[Records contained in a dataset]
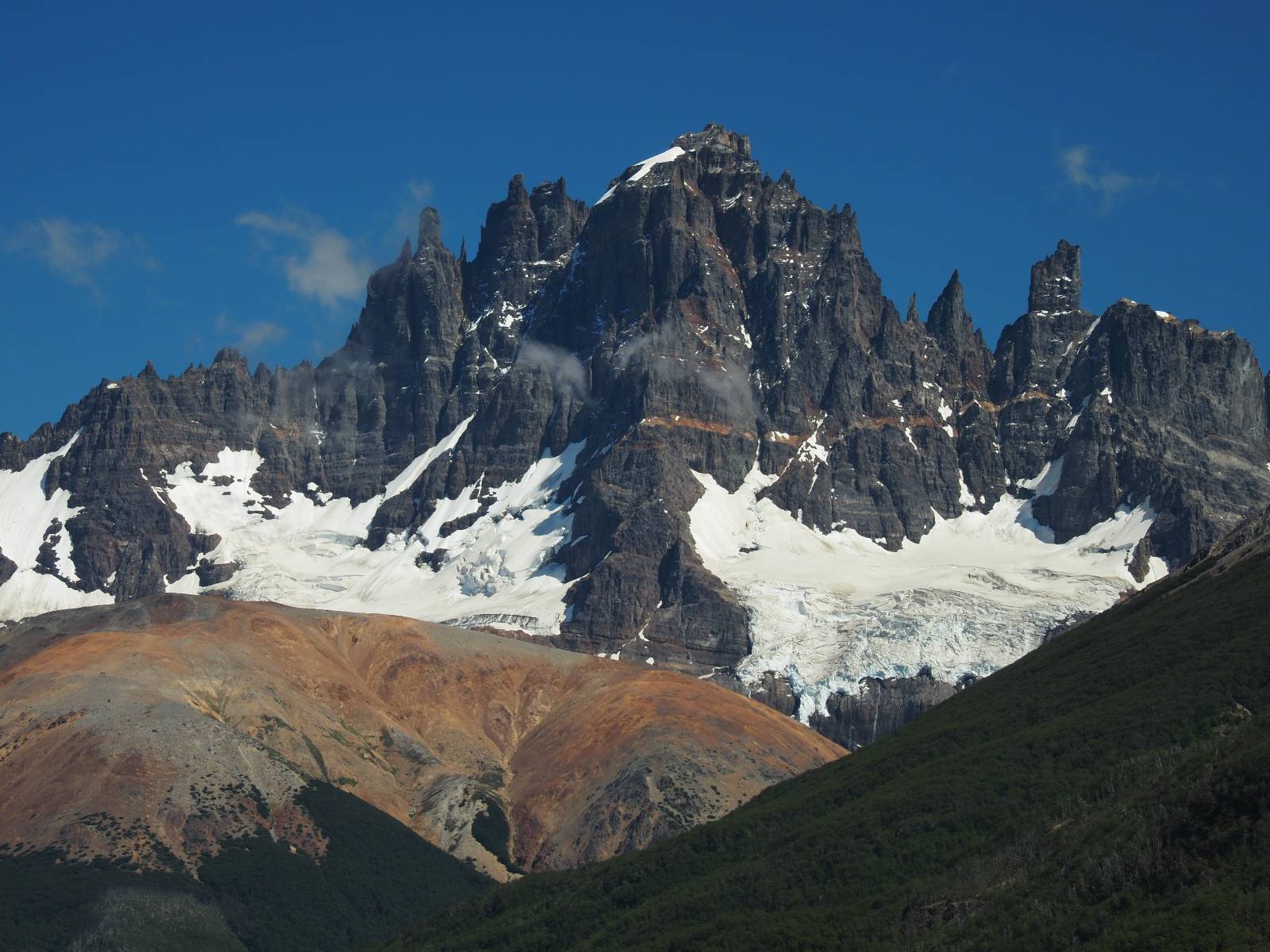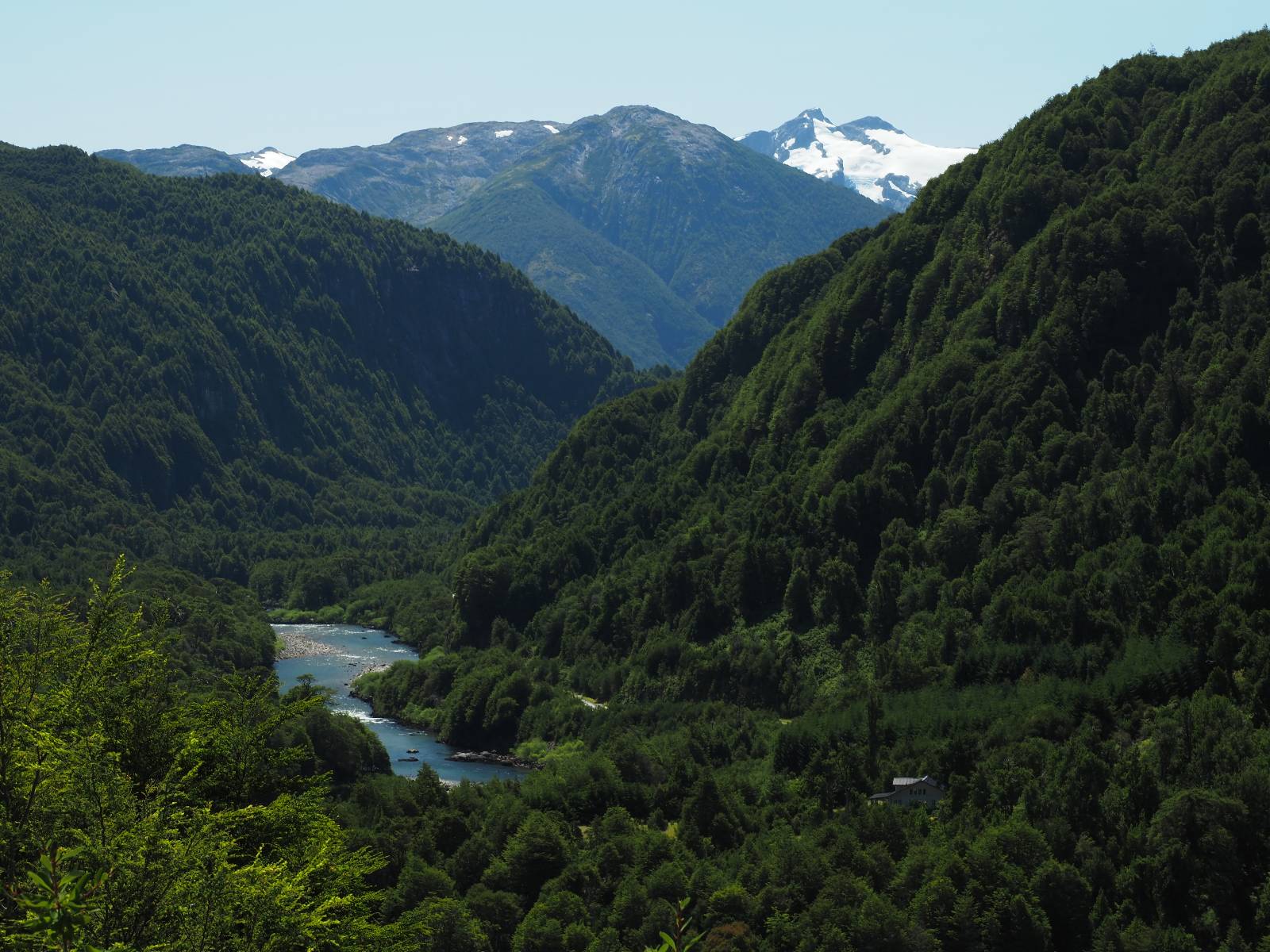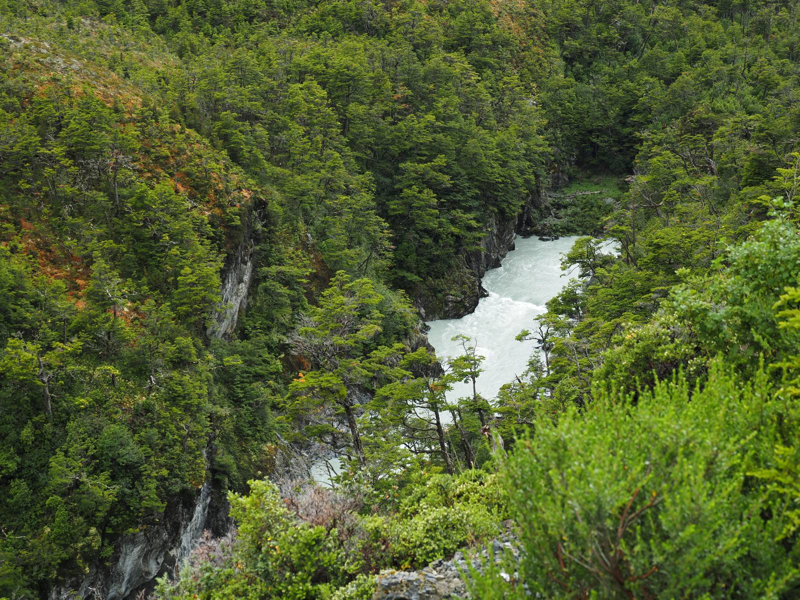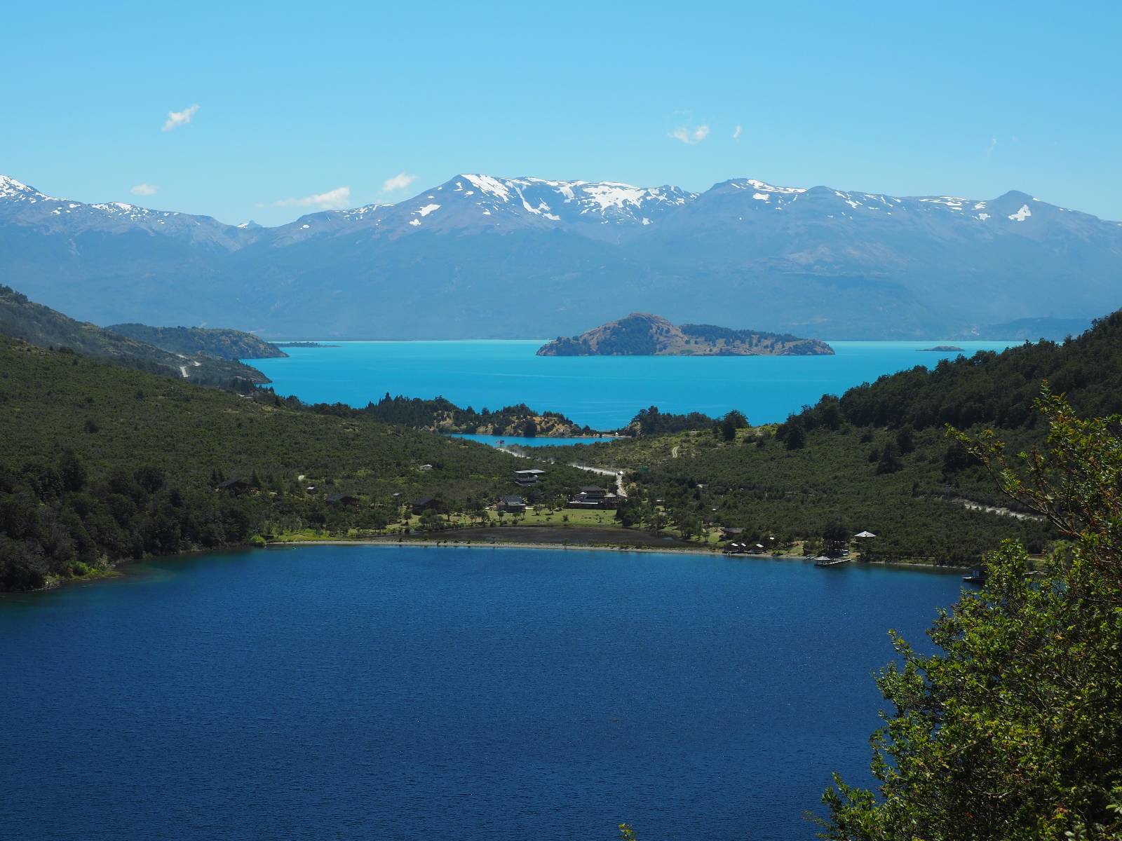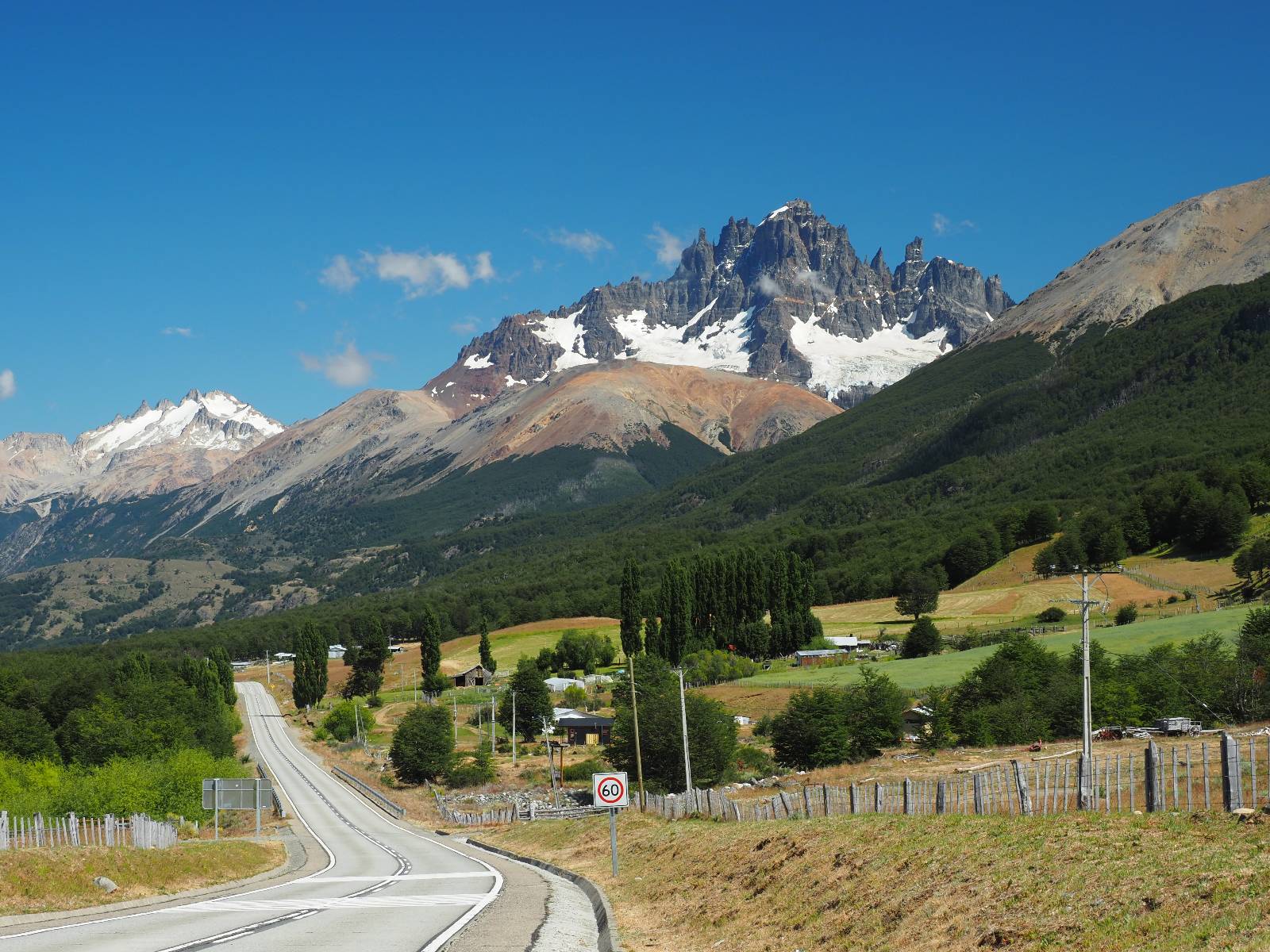 Schon bald fahre ich entlang des Rio Baker, der mit der selben blauen Farbe zu meiner Rechten dahinfließt. Ich zaudere anzuhalten oder nicht…, fahre aber durch, bis ich zum Parkplatz für die Confluencia von Rio Baker und Rio Neff komme. Ich muß ein Stückchen laufen aber es lohnt sich definitiv! Es ist eine wirklich große Stromschnelle, mit der sich der Rio Baker in den etwas schlammigeren Rio Neff ergießt aber gerade dieser Farbunterschied und die Wildheit des Flußßes macht das ganze Schauspiel unwahrscheinlich beeindruckend! Ich fotografiere wie wild, filme und lasse die Drohne fliegen und genieße natürlich auch so das Schauspiel. Die Sonne scheint und es ist ein herrlicher Tag, für den ich mal wieder sehr dankbar bin! An einer passenden Stelle etwas oberhalb erfrische ich mich im Rio Baker und trinke einen Schluck, auch auf die Gefahr hin Schlumpffarbe anzunehmen! Ein Ehepaar aus Argentinien fragt, wo ich her komme und so plauschen wir ein wenig und ich bekomme das Kompliment, das mein Spanisch sehr gut wäre. Hahaha! Ich nehme es gerne an als Motivation aber ich weiß, dass es nur sehr rudimenter taugt! Dafür kann der Herr tatsächlich ein paar Brocken Deutsch! Und so kann ich zurückloben. Der restliche Weg führt mich bis Cochrane, wiederum mit tollen Ausblicken und ein paar doofen Baustellen wo man schon mal 10-15min stehen muß. Das macht es nicht unbedingt gemütlich bei der Wärme und dem Staub, der von den Entgegenkommern aufgewirbelt wird. Vor mir steht ein Paar aus Argentinien mit ihrer R1000 und füllt Dichtmittel in den Hinterreifen und pump ihn noch weitestgehen auf. Ich frage, ob ich helfen kann aber sie wollen es so bis Cochrane schaffen. Ich bleibe eine Weile hinten dran, fallls es doch nötig wäre aber kurz vor Cochrane lasse ich sie ziehen und genieße noch einmal einen herrlichen Aussichtspunkt. Cochrane ist nicht wirklich spannend aber in guter Distanz als Zwischenstop mittendrin. Am ersten Hostal, wo ich anfrage ist alles belegt. lustigerweise sehe ich dort das Motorrad von Matthias stehen. Im Hostal schräg gegenüber werde ich fündig und quartiere mich ein.
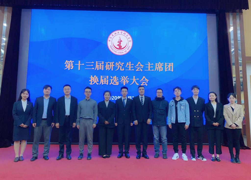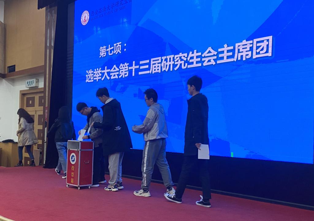 2020年10月12日,第十三屆研究生會主席團換屆選舉大會在我校雁塔校區學術報告廳舉行。黨委研工部副部長李甦,校團委書記何國強,研究生會指導老師阮添舜、姜國平,第十二屆研究生會主席團成員、第十三屆主席團候選人以及來自各院系的96名研究生代表參加大會。
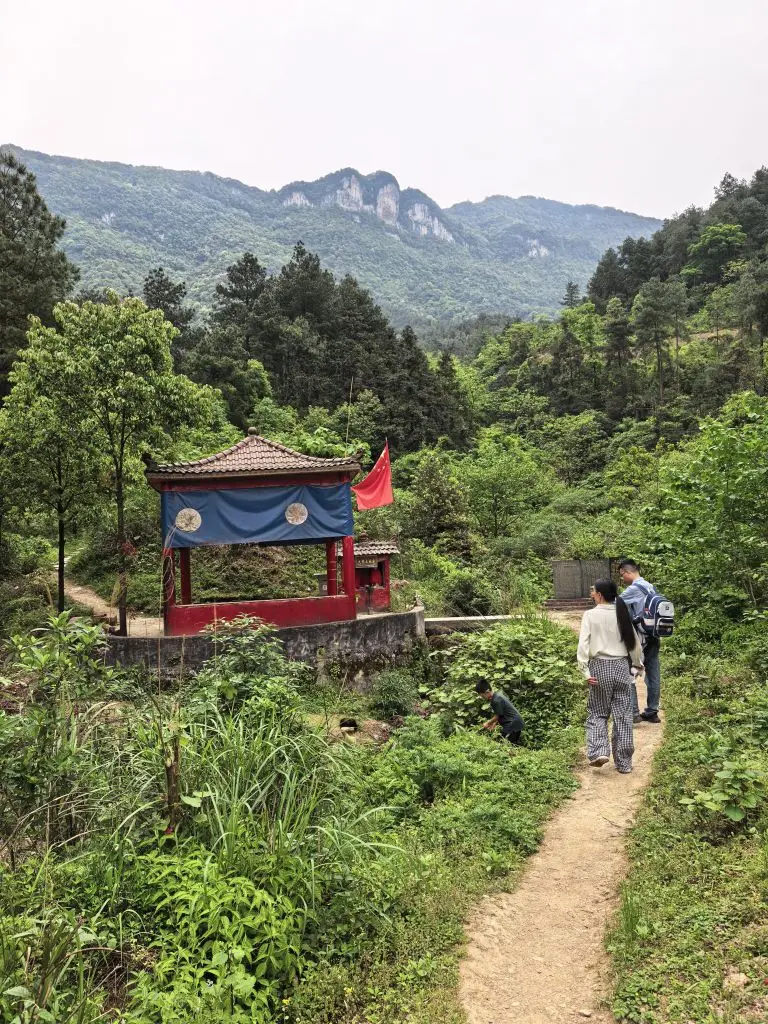 路上还遇到一座红墙蓝布的小亭子,像是藏在绿野里的秘境入口。孩子们好奇地往草丛里探脑袋,爸爸笑着跟在身后,妈妈拿着登山杖,一步步稳稳地走着。
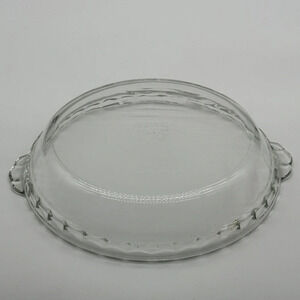 Measuring at 9 1/2 inches in diameter, this round pie pan is perfect for baking your favorite pies. The vintage original production style and fused glass production technique make it a unique piece. This Pyrex plate is a must-have for collectors and home chefs alike.
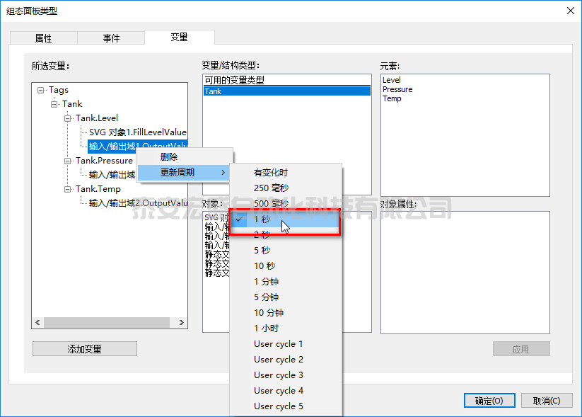 選擇更新周期??梢杂益I單擊每一個關(guān)聯(lián)了結(jié)構(gòu)變量元素的對象屬性設(shè)置更新周期。(建議選擇統(tǒng)一更新周期如: 1 秒)如圖 6 。
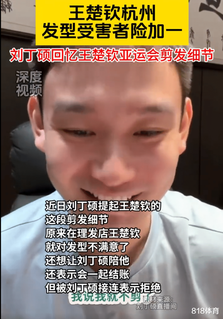 7月6日消息,2023年杭州亚运会期间,王楚钦因头发过长想去剪发,赛前与队友刘丁硕一同前往理发店。刘丁硕在直播中透露了王楚钦“蘑菇头”的来历,并且开玩笑说王楚钦要请自己也来一个,遭到了他的婉拒。
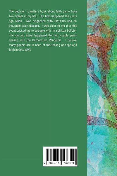 The decision to write a book about faith came to me from two events in my life. The first happened ten years ago when I was diagnosed with HIV/AIDS and an incurable brain disease. It was clear to me that this event caused me to struggle with my spiritual beliefs. The second event happened the last couple years ago dealing with the Coronavirus Pandemic. I believe many people were in need of the feeling of hope and faith in God.

__Problem statement__
Start to finish, write out the data above exactly, omitting all pictures.

__Response to the task__
 Schon bald fahre ich entlang des Rio Baker, der mit der selben blauen Farbe zu meiner Rechten dahinfließt. Ich zaudere anzuhalten oder nicht…, fahre aber durch, bis ich zum Parkplatz für die Confluencia von Rio Baker und Rio Neff komme. Ich muß ein Stückchen laufen aber es lohnt sich definitiv! Es ist eine wirklich große Stromschnelle, mit der sich der Rio Baker in den etwas schlammigeren Rio Neff ergießt aber gerade dieser Farbunterschied und die Wildheit des Flußßes macht das ganze Schauspiel unwahrscheinlich beeindruckend! Ich fotografiere wie wild, filme und lasse die Drohne fliegen und genieße natürlich auch so das Schauspiel. Die Sonne scheint und es ist ein herrlicher Tag, für den ich mal wieder sehr dankbar bin! An einer passenden Stelle etwas oberhalb erfrische ich mich im Rio Baker und trinke einen Schluck, auch auf die Gefahr hin Schlumpffarbe anzunehmen! Ein Ehepaar aus Argentinien fragt, wo ich her komme und so plauschen wir ein wenig und ich bekomme das Kompliment, das mein Spanisch sehr gut wäre. Hahaha! Ich nehme es gerne an als Motivation aber ich weiß, dass es nur sehr rudimenter taugt! Dafür kann der Herr tatsächlich ein paar Brocken Deutsch! Und so kann ich zurückloben. Der restliche Weg führt mich bis Cochrane, wiederum mit tollen Ausblicken und ein paar doofen Baustellen wo man schon mal 10-15min stehen muß. Das macht es nicht unbedingt gemütlich bei der Wärme und dem Staub, der von den Entgegenkommern aufgewirbelt wird. Vor mir steht ein Paar aus Argentinien mit ihrer R1000 und füllt Dichtmittel in den Hinterreifen und pump ihn noch weitestgehen auf. Ich frage, ob ich helfen kann aber sie wollen es so bis Cochrane schaffen. Ich bleibe eine Weile hinten dran, fallls es doch nötig wäre aber kurz vor Cochrane lasse ich sie ziehen und genieße noch einmal einen herrlichen Aussichtspunkt. Cochrane ist nicht wirklich spannend aber in guter Distanz als Zwischenstop mittendrin. Am ersten Hostal, wo ich anfrage ist alles belegt. lustigerweise sehe ich dort das Motorrad von Matthias stehen. Im Hostal schräg gegenüber werde ich fündig und quartiere mich ein.
 2020年10月12日,第十三屆研究生會主席團換屆選舉大會在我校雁塔校區學術報告廳舉行。黨委研工部副部長李甦,校團委書記何國強,研究生會指導老師阮添舜、姜國平,第十二屆研究生會主席團成員、第十三屆主席團候選人以及來自各院系的96名研究生代表參加大會。
 路上还遇到一座红墙蓝布的小亭子,像是藏在绿野里的秘境入口。孩子们好奇地往草丛里探脑袋,爸爸笑着跟在身后,妈妈拿着登山杖,一步步稳稳地走着。
 Measuring at 9 1/2 inches in diameter, this round pie pan is perfect for baking your favorite pies. The vintage original production style and fused glass production technique make it a unique piece. This Pyrex plate is a must-have for collectors and home chefs alike.
 選擇更新周期??梢杂益I單擊每一個關(guān)聯(lián)了結(jié)構(gòu)變量元素的對象屬性設(shè)置更新周期。(建議選擇統(tǒng)一更新周期如: 1 秒)如圖 6 。
 7月6日消息,2023年杭州亚运会期间,王楚钦因头发过长想去剪发,赛前与队友刘丁硕一同前往理发店。刘丁硕在直播中透露了王楚钦“蘑菇头”的来历,并且开玩笑说王楚钦要请自己也来一个,遭到了他的婉拒。
 The decision to write a book about faith came to me from two events in my life. The first happened ten years ago when I was diagnosed with HIV/AIDS and an incurable brain disease. It was clear to me that this event caused me to struggle with my spiritual beliefs. The second event happened the last couple years ago dealing with the Coronavirus Pandemic. I believe many people were in need of the feeling of hope and faith in God.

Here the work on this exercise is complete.